Pictures aside, the data must be reproduced exactly.

- _RAW DATA_:
=== Section Start ===
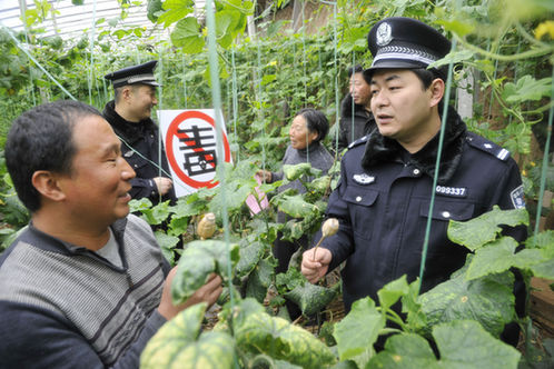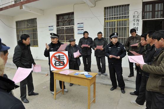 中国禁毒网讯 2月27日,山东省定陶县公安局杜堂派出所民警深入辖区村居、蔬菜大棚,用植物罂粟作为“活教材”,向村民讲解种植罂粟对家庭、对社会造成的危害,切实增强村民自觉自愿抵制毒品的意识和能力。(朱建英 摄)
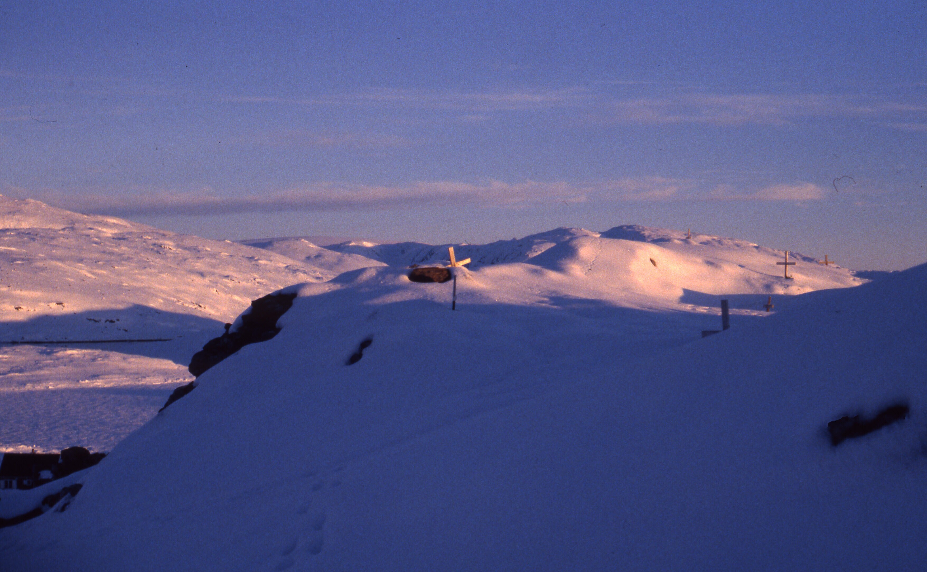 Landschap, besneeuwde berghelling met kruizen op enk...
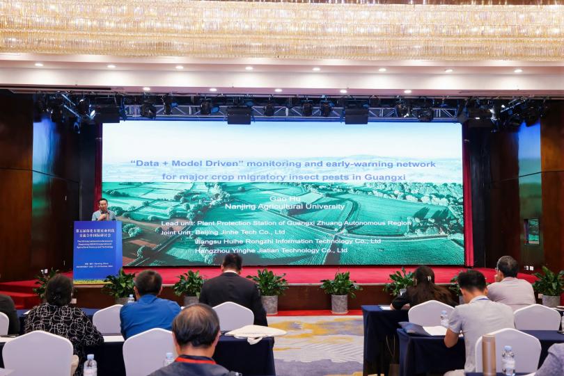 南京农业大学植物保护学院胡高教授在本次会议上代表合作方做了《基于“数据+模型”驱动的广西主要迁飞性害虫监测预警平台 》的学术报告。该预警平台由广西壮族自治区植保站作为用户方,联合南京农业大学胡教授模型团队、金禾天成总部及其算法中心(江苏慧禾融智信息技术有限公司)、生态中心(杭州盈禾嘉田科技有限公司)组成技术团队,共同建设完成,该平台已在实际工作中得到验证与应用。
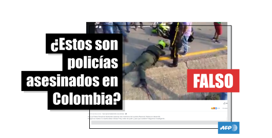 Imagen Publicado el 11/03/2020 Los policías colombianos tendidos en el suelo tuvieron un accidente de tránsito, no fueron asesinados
=== Section End ===
- _SOLUTION FOR THIS TASK_:
 中国禁毒网讯 2月27日,山东省定陶县公安局杜堂派出所民警深入辖区村居、蔬菜大棚,用植物罂粟作为“活教材”,向村民讲解种植罂粟对家庭、对社会造成的危害,切实增强村民自觉自愿抵制毒品的意识和能力。(朱建英 摄)
 Landschap, besneeuwde berghelling met kruizen op enk...
 南京农业大学植物保护学院胡高教授在本次会议上代表合作方做了《基于“数据+模型”驱动的广西主要迁飞性害虫监测预警平台 》的学术报告。该预警平台由广西壮族自治区植保站作为用户方,联合南京农业大学胡教授模型团队、金禾天成总部及其算法中心(江苏慧禾融智信息技术有限公司)、生态中心(杭州盈禾嘉田科技有限公司)组成技术团队,共同建设完成,该平台已在实际工作中得到验证与应用。
 Imagen Publicado el 11/03/2020 Los policías colombianos tendidos en el suelo tuvieron un accidente de tránsito, no fueron asesinados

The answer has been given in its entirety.